Нередко он внимательно прислушивался к разговорам на большой дороге, и, конечно, не из простого любопытства, но в надежде, что кто-нибудь из путников, идущих в Кестербридж или возвращающихся оттуда, рано или поздно заговорит о нем. Город был так далеко, что желание Хенчарда вряд ли могло исполниться, и все-таки его внимание было вознаграждено: наконец до него донеслось с дороги слово «Кестербридж», произнесенное возчиком, который правил фургоном. Хенчард побежал по полю, на котором работал, к калитке в изгороди и окликнул возчика, человека ему незнакомого.

— Да… я еду оттуда, — сказал возчик в ответ на вопрос Хенчарда. — Я, знаете ли, занимаюсь извозом, хотя в нынешние времена, когда люди обходятся без лошадей, моей работе скоро конец придет.

— А как там дела в городе, а?

— Да все так же, как всегда.

— Я слышал, что мистер Фарфрэ, бывший мэр, собирается жениться. Правда это?

— Вот уж, право, не могу сказать. Да нет, как будто нет.

— Что ты, Джон… ты позабыл, — вмешалась какая-то женщина, выглянув из фургона. — А посылки-то, что мы привезли ему на той неделе? И люди говорили, что скоро свадьба… на Мартинов день.

Возчик сказал, что ничего такого не помнит, и фургон, дребезжа, стал подниматься на холм.

Хенчард был уверен, что этой женщине память не изменила. Очень возможно, что свадьбу назначили на Мартинов день, — ведь ни у жениха, ни у невесты не было причин откладывать ее. Хенчард мог бы, конечно, написать Элизабет и спросить, но ему мешала инстинктивная боязнь нарушить свое уединение. А ведь Элизабет, расставаясь с ним, сказала, что ей будет неприятно, если он не придет к ней на свадьбу.

Теперь он постоянно вспоминал, что прогнали его не Элизабет и Фарфрэ, а собственное уязвленное самолюбие, твердившее, что его присутствие уже не желательно. Он поверил в возвращение Ньюсона, не имея убедительных доказательств того, что капитан действительно намерен вернуться, еще того менее, — что Элизабет-Джейн встретит его радостно, и не имея уж вовсе никаких доказательств того, что если он и вернется, то останется. А что, если он ошибся? Если все эти неблагоприятные обстоятельства вовсе не требовали его вечной разлуки с той, которую он любит? Сделать еще попытку пожить возле нее, вернуться, увидеть ее, оправдаться перед нею, просить прощения за обман, всеми силами постараться, сохранить ее любовь — ради этого стоит пойти к ней, даже рискуя получить отпор, да, пожалуй, рискуя и самой жизнью.
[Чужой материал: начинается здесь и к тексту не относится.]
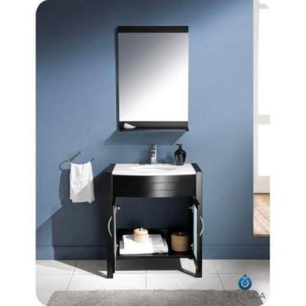 Infinito 30 in. Vanity in Espresso with Glass Stone Vanity Top in White and Mirror-DISCONTINUED

Но как отказаться от своих решений, не дав супругам повода презирать его за непоследовательность, — этот вопрос казался Хенчарду страшным и лишал его покоя.

Еще два дня он все обрезал и обрезал тюки сена, потом колебания его внезапно закончились отчаянным решением отправиться на свадебный пир. От него не ждут поздравлений, ни письменных, ни устных. Элизабет была огорчена его решением не приходить на свадьбу, значит, его неожиданное появление заполнит ту маленькую пустоту, которая, вероятно, образуется в ее справедливой душе, если он не придет.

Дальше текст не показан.